A WHO pandemic pact would leave the world at China’s mercy
On May 22, the World Health Organisation (WHO) meets for the World Health Assembly, an annual summit to which all the globe’s countries are invited – except Taiwan, which is excluded at China’s behest. On the agenda is a “pandemic accord” that would greatly expand the WHO’s powers to intervene in a country in the event of a future outbreak.
The European Union, true to form, pushed for a legally binding pandemic “treaty” instead, but that won’t happen for two reasons: the American Senate would need a two-thirds majority to ratify it; and the Chinese government would not allow even its pet international agency to tell it what to do. But the accord would still have substantial force of international law behind it, to make governments impose domestic lockdowns, for example – despite the WHO’s own figures showing little correlation between lockdown severity and death rates.

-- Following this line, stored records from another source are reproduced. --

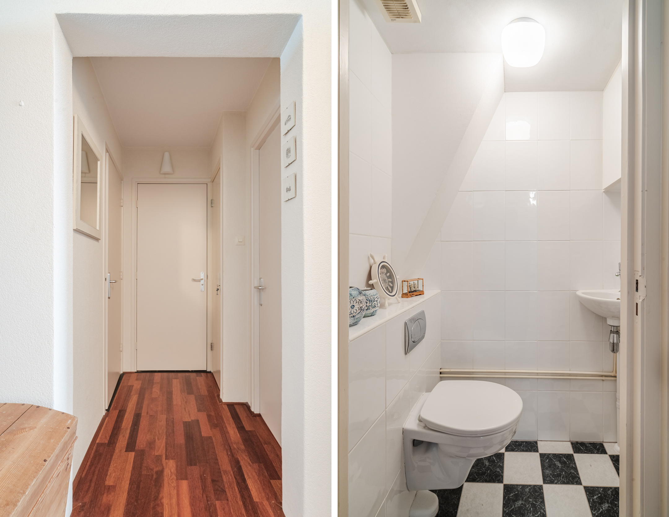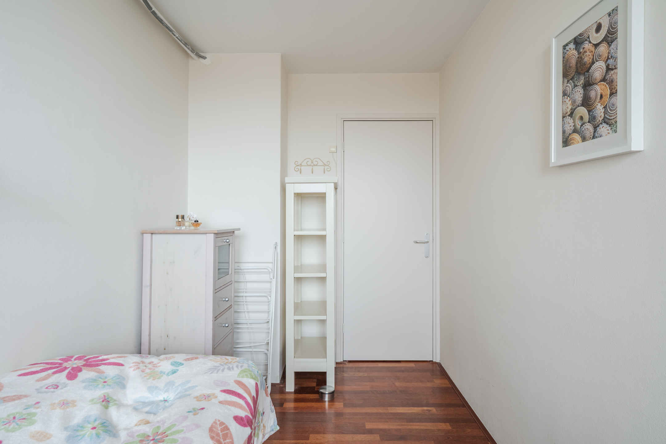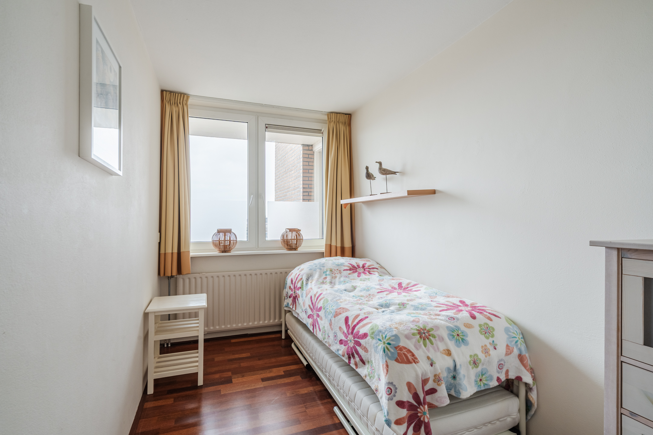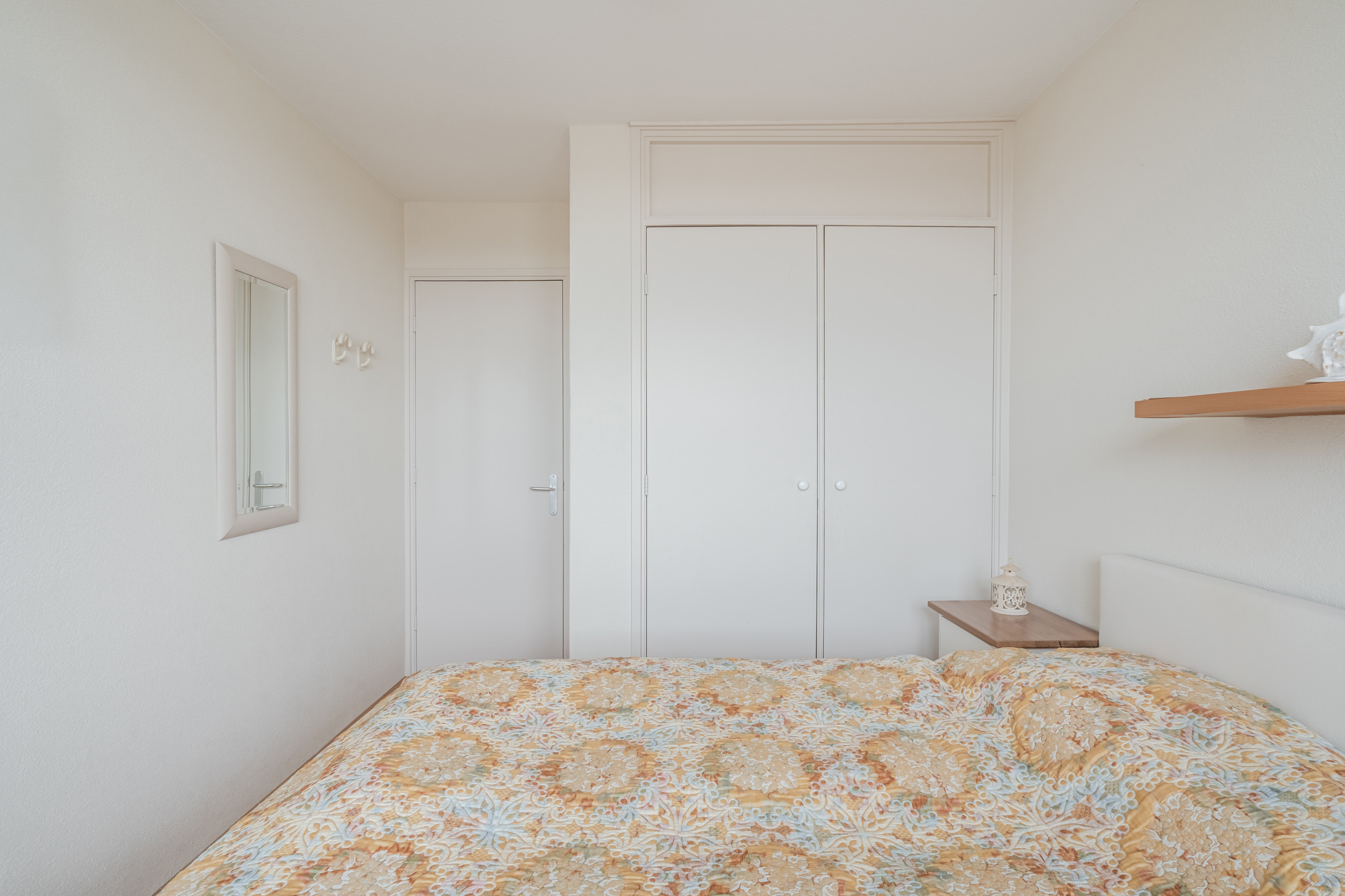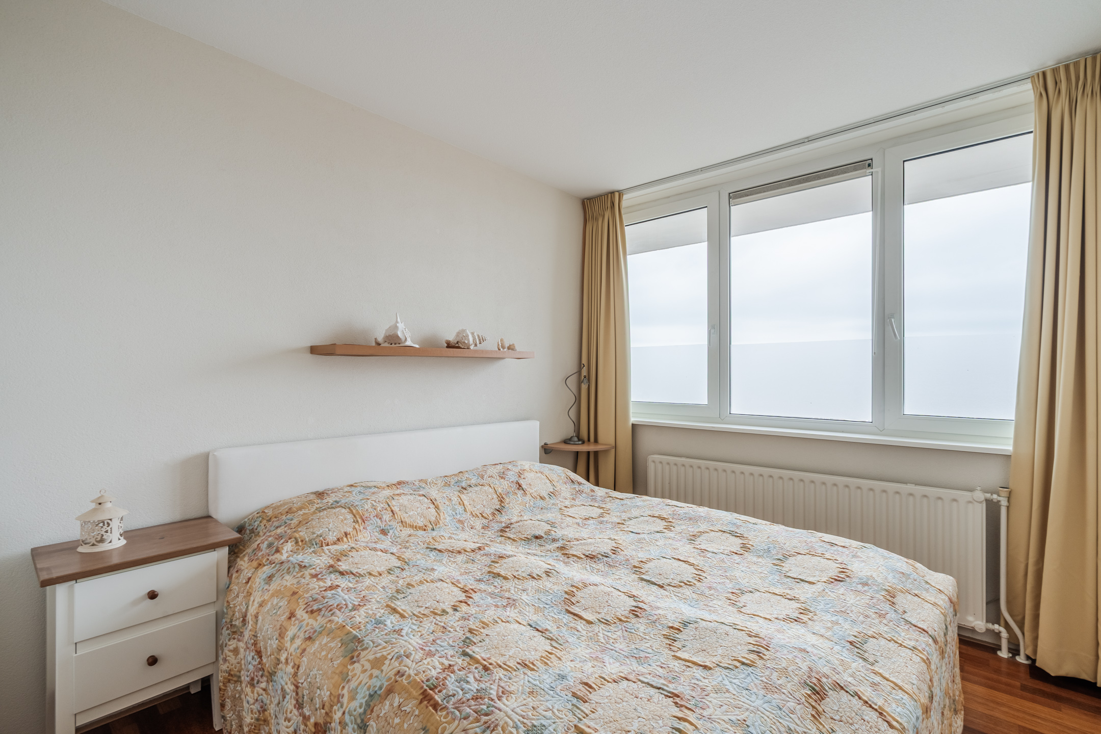 Verder beschikt het appartement over twee slaapkamers, een badkamer met douche, wastafelmeubel en wasmachineaansluiting. Via een vast kozijn met openslaande deuren komt u op het doorlopende zonneterras van waaruit u het panoramische uitzicht heeft. In de onderbouw bevindt zich bovendien een praktische berging, ideaal voor fietsen en strandspullen.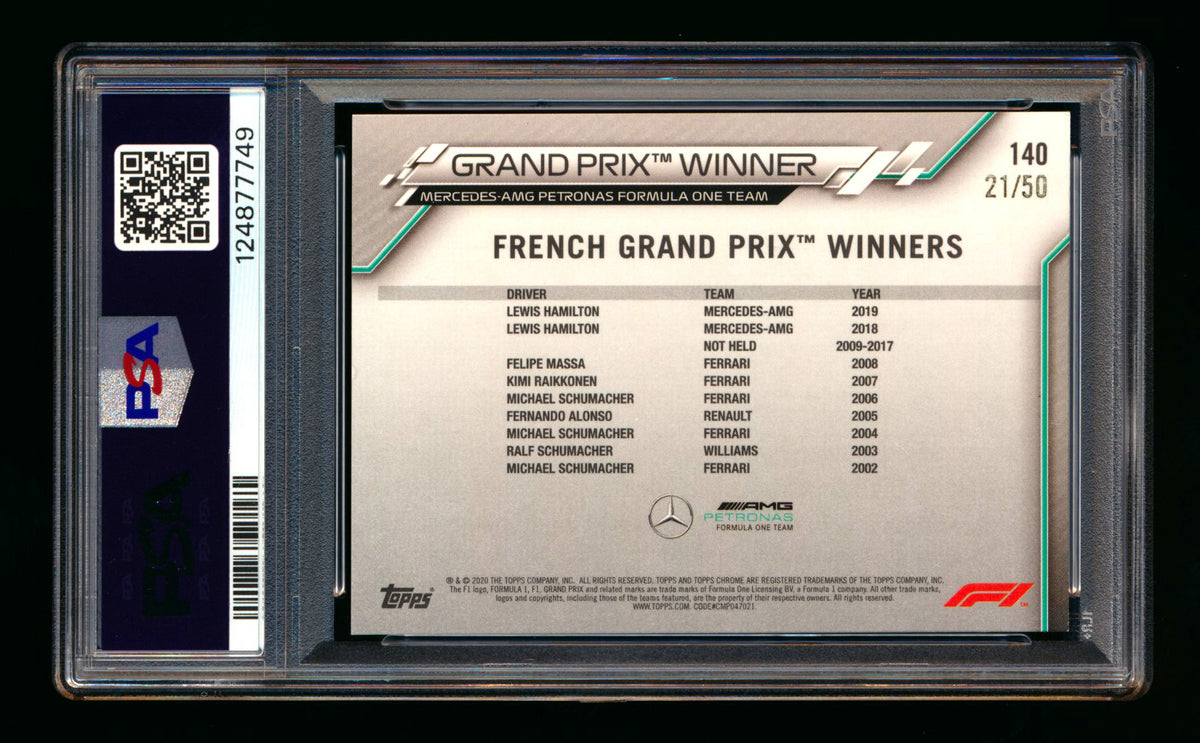 Description: The 79th Career F1 Victory in his illustrious career, Lewis Hamilton would win Pole Position and absolutely dominate the field for his 2nd Win ever at a French Grand Prix. A beautiful moment captured here on the first ever Topps Chrome French Grand Prix card made.
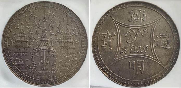 The reverse has the inscription, Krung Siam enclosed within a frame and the Chinese legend Cheng Ming Tung Pao outside the frame. “Cheng Ming” is the name of King Rama IV in Chinese and “Tung Pao” means “lawful money”. There are two types; one with the double-lined frame and dots around the rim, and the other with a single-lined frame without dots.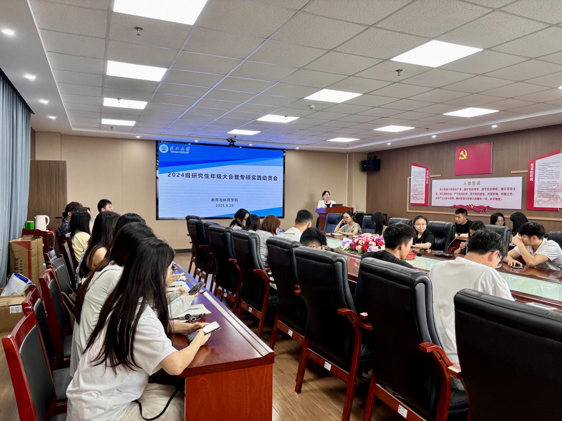 (通讯员 张蜜)2025年6月26日下午,sjb世俱杯中国官网入口2024级研究生年级大会暨专硕实践动员会在文科大楼905举行。本次大会由sjb世俱杯官网教科研办主任卢小琴老师主讲,围绕2024级研究生上一学年的成长收获与反思、以及下一学期即将展开的专硕实习实践两大主题进行。学院2024级全体研究生共计105人参会。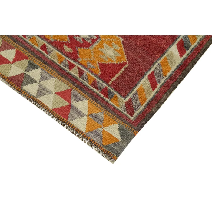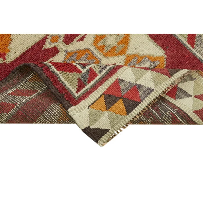Herki Carpet Runner is 90 cm wide, 355 cm long, 5 mm thick, and weighs an average of 8 kg. It is made of hand-spun 100% Organic Wool and Cotton. Root dye obtained naturally is used.

Though some of the measures make sense – such as more sharing of vaccines with other countries – the plan skates around WHO’s errors during the Covid pandemic: it ignored Taiwan’s early alarm call; praised the Chinese government for its transparency at a time when it was denying human-tohuman transmission and punishing whistleblowers; delayed declaring a health emergency; flip-flopped on masks and lockdowns; and mounted a farcical Potemkin investigation into the origin of the virus.
Added to its poor performance in the 2014 ebola outbreak, when for months WHO resisted calls from doctors and NGOs to declare an emergency to avoid offending member governments, this track record does not inspire confidence.
According to the agenda of next Sunday’s meeting, the accord would be part of six “action tracks” focused on: healthcare systems; zoonotic outbreaks; endemic tropical diseases; food safety; antimicrobial resistance; and protecting the environment.
What is missing from that list? Something WHO itself and the US and other governments insist might well have been the cause of the Covid pandemic, namely a laboratory experiment gone wrong or a virushunting researcher infected while sampling bats in the field.
The continuing failure to find an animal infected with the virus in food markets or elsewhere, plus some peculiar features of the virus’s genome, has led many to conclude that a proper investigation of the Wuhan Institute of Virology is warranted. But the institute has refused all requests to open up its 22,000-item database for international inspection, even though doing so could go a long way to reassuring the world.
So you might think the World Health Assembly would have put lab safety and transparency of research on the agenda at the very least. But nowhere are these even mentioned. Presumably China would object. In February the WHO held the third “Covid-19 Global research and innovation forum”. In the titles of the 49 sessions, the word “origin” did not appear once. Though it has set up a committee, the WHO seems to be paying no more than lip service to its own commitment to investigating the possibility of a lab leak. Like some Western scientists, it may be hoping the question of the origin of this dreadful pandemic remains unsolved lest the answer ruffle diplomatic feathers.
Here’s what a pandemic accord should include, in my view: a commitment by all national governments to share the genomic data of all viruses collected in the wild and to share details of all experiments being done on potential pandemic pathogens (yes, including in biowarfare labs).
Something similar happens with nuclear research and with airline accidents, so it can be done.
If China’s government refuses to sign, then let’s gradually shame it into doing so. But it looks like we will have to do this outside the WHO.
Lessons have not been learned, so why should we trust our global health watchdog in a future crisis?